Unfortunately, the wrong lesson emerged from the story. The real issue is not that scientists are wrong but that there's a crucial difference between a thing and a mathematical model of the thing.
The distinction between mathematics and the application of mathematics often isn't made as clearly as it ought to be. In the mathematics classroom, it's important to distinguish between getting the mathematics right and getting the problem right.

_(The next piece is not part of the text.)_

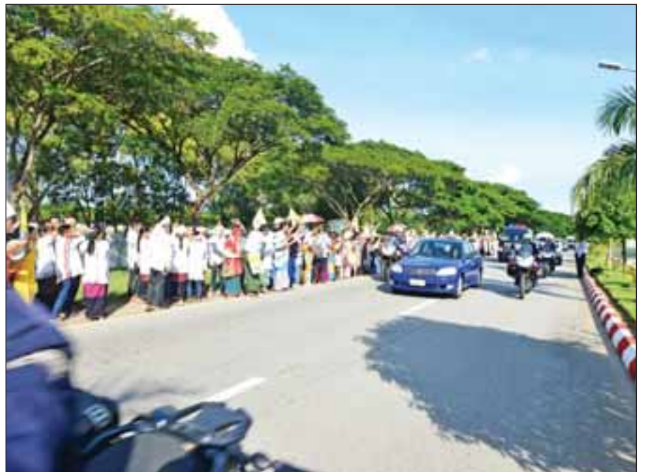
မြန်မာနိုင်ငံ၌ တရားဝင်ချစ်ကြည်ရေးခရီး ရောက်ရှိနေသော ပုပ်ရဟန်းမင်းကြီး ဖရန်စစ် နေပြည်တော်သို့ ရောက်ရှိလာရာ လမ်းဘေး ဝဲ၊ ယာမှ ကြိုဆိုနှုတ်ဆက်နေကြသူများကို တွေ့ရစဉ်။

It's quite possible, for instance, to calculate correctly the area of a rectangular piece of property just by multiplying the length times the width. Yet one can get the "wrong answer" because the measurements of the length and width were inaccurate or there was some ambiguity about the boundaries.
The word problems typically found in textbooks also serve as rudimentary models of reality. Their applicability, however, depends on the validity of the assumptions that underlie the mathematics.
So no one "proved" that a bumblebee can't fly. What was shown was that a certain simple mathematical model wasn't adequate or appropriate for describing the flight of a bumblebee. Insect flight and wing movements can be quite complicated. Wings aren't rigid. They bend and twist. Stroke angles change.
Yet the myth persists that science says a bumblebee can't fly. This tale has taken on a life of its own as a piece of "urban folklore" on the Internet, passed on from one browser to another.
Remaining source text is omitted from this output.